Collaborative filtering algorithm

Collaborative filtering algorithm (Collaborative Filtering:CF) is a commonly used algorithm, which is useful on many e-commerce websites. The CF algorithm includes user-based CF (User-based CF) and item-based CF (Item-based CF).

(8) Apache Mahout and Spark MLLib

Introduction to ① Apache Mahout

Apache Mahout is an open source project under Apache Software Foundation (ASF), which provides some classic machine learning algorithms that help developers create smart applications more easily and quickly. There are already three public hairstyles available, and through the ApacheMahout library, Mahout can be effectively extended to the cloud. Mahout includes many implementations, including clustering, classification, recommendation engine, and frequent sub-item mining.

The main goal of Apache Mahout is to build scalable machine learning algorithms. This scalability is for large datasets. Apache Mahout's algorithm runs on the ApacheHadoop platform, and he implements it through Mapreduce mode. However, Apache Mahout does not strictly require that the implementation of the algorithm is based on Hadoop platform, and single node or non-Hadoop platform can also be used. The non-distributed algorithm of Apache Mahout core library also has good performance.

Mahout mainly consists of the following five parts

 frequent mining patterns: mining itemsets that occur frequently in data.

 clustering: data such as text, documents, etc. are divided into locally related groups.

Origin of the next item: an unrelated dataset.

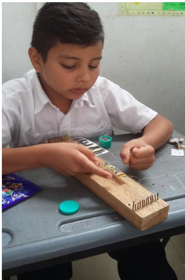
Figura 2. Manualidades – tejido de manillas

emotivas fue el tejer manillas en chaquiras, que despertaron intereses individuales y colectivos. (figura2).

 classification: using existing classification documents to train classifiers to classify unclassified documents.

 recommendation engine (collaborative filtering): get the user's behavior and find out what the user might like.

 frequent subitem mining: use an itemset (query record or shopping record) to identify items that often appear together.

Introduction to ② Spark MLLib

Spark MLlib (Machine Learnig lib) is a library for Spark to implement common machine learning algorithms, including related tests and data generators. Spark is designed to support some iterative Job, which coincides with the characteristics of many machine learning algorithms.

Spark MLlib currently supports four common machine learning problems: classification, regression, clustering and collaborative filtering. Spark MLlib is based on RDD and can be seamlessly integrated with Spark SQL, GraphX and Spark Streaming. With RDD as the cornerstone, four subframeworks can work together to build big data Computing Center!

The following figure is the core of the MLlib algorithm library:

Commodity recommendation based on users' interests

(I) user-based CF (User CF) and item-based CF (Item CF)

 is based on the user's CF (User CF)

The basic idea based on the user's CF is quite simple, based on the user's preference for items to find the neighboring users, and then recommend what the neighboring users like to the current user. In calculation, the similarity between users is calculated by taking a user's preference for all items as a vector. after finding K neighbors, according to the similarity weight of neighbors and their preference for items, predict the unrelated items that the current user has no preference, and calculate a sorted list of items as a recommendation. Figure 2 shows an example. For user A, according to the user's historical preference, only one neighbor, user C, is calculated, and then the item D that user C likes is recommended to user A.

 item-based CF (Item CF)

The principle of item-based CF is similar to that of user-based CF, except that the neighbor is calculated using the item itself, not from the user's point of view, that is, to find similar items based on the user's preference for items, and then recommend similar items to him according to the user's historical preferences. From the point of view of calculation, the similarity between items is calculated by taking all users' preferences for an item as a vector, and after getting similar items, the items that have not been expressed by the current user are predicted according to the preference of the user's history, and a sorted list of items is calculated as a recommendation. Figure 3 shows an example. For item A, according to the historical preferences of all users, users who like item A like item C, and it is concluded that item An is similar to item C, while user C likes item A. then it can be inferred that user C may also like item C.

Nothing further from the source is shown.